Posted under: Physical Computing; ITP; Week 4;

3 LEDs inside a resin cube.
3 LEDs inside a resin cube.

This week’s physical computing labs involved working with analog input and output for the Arduino, as well as soldering. Since we’re having a review week, I chose to focus on two things: 1) Improving the LED sequencer I built for the previous lab; and 2) Getting outside of the breadboard and working with resin, a material I’ve wanted to experiment with for some time.


Sequencer 2.0

To recap, last week the sequencer used 3 steps—3 LEDs, each blinking when the current step is playing a note, and 3 potentiometers, used to adjust the frequency of the note played at each step. It also included a 4th potentiometer which controlled the perceived “speed” of the sequencer—how much time is spent playing the note at each step. This week’s improvements included:

  • soldering the speaker connecting wires, which were previously attached to the speaker using alligator clips;

  • adding a 4th step to the sequencer, in order to play slightly more complex sequences; ideally, we would have 8 or 16 steps, but real estate is limited on the breadboard;

  • adding another control input to the sequencer in the form of a photoresistor; this allows for controlling the overall pitch of the played sequence by covering or uncovering the sensor with one’s hand;

  • improving the software such that the Arduino loop cycle is not dependent on the speed of the sequencer anymore; this means that frequency of a step’s sound can now be adjusted while the step is playing;

  • experimenting with different sensitivity levels for the photoresistor reading (I ended up settling on dividing the output into 8 different buckets, since the sensor readings were quite noisy.)
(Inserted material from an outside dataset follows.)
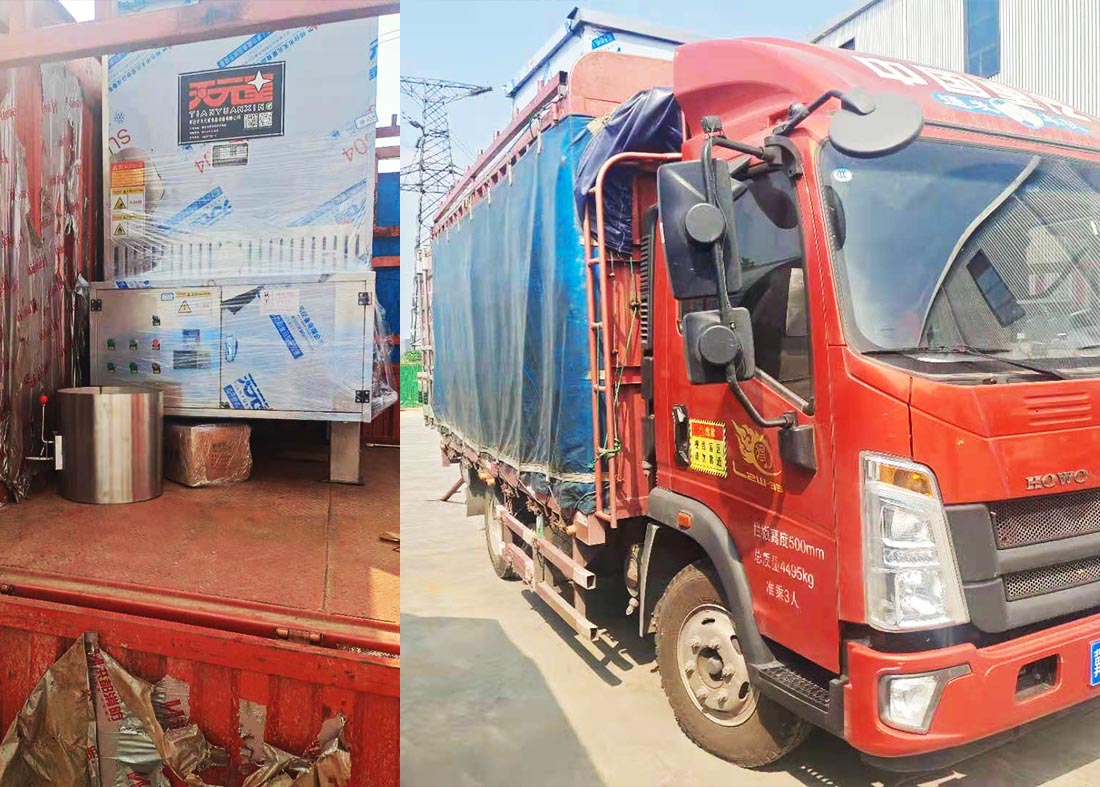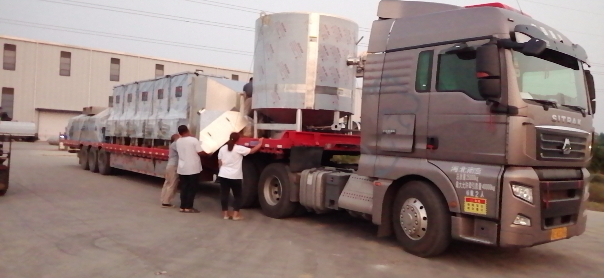 熱風(fēng)爐、煮鍋、河南收料小車、生物顆粒燃燒機三車發(fā)貨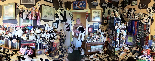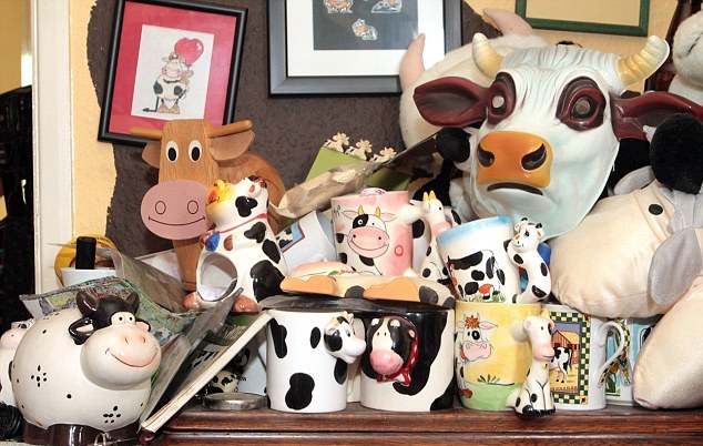 Η «εμμονή» της ξεκίνησε με ένα παράξενο ρολόι και ένα ζευγάρι παντόφλες. Πλέον η περίεργη συλλογή της αριθμεί πάνω από 2.000 κομμάτια με θέμα τις αγελάδες!

Here is the photoresistor in action:

Arduino based 4-step sequencer, with theremin-like hand input.

While I was initially going for the theremin continous bending sound quality, I realized that was going to be difficult for two main reasons: the noise in the photoresistor reading (even when averaged over time) and the loop function timing trade-offs between tone working properly and proper responsivity. So I went a different direction and started working with only discrete quantities. As mentioned before, I divided the photoresistor output into only roughly 8 different buckets. In terms of the frequencies that get played by the sequencer, they all full octaves apart and have the C pitch (the step frequencies get rounded to multiples of 65.) This produces an effect similar to a quantizer.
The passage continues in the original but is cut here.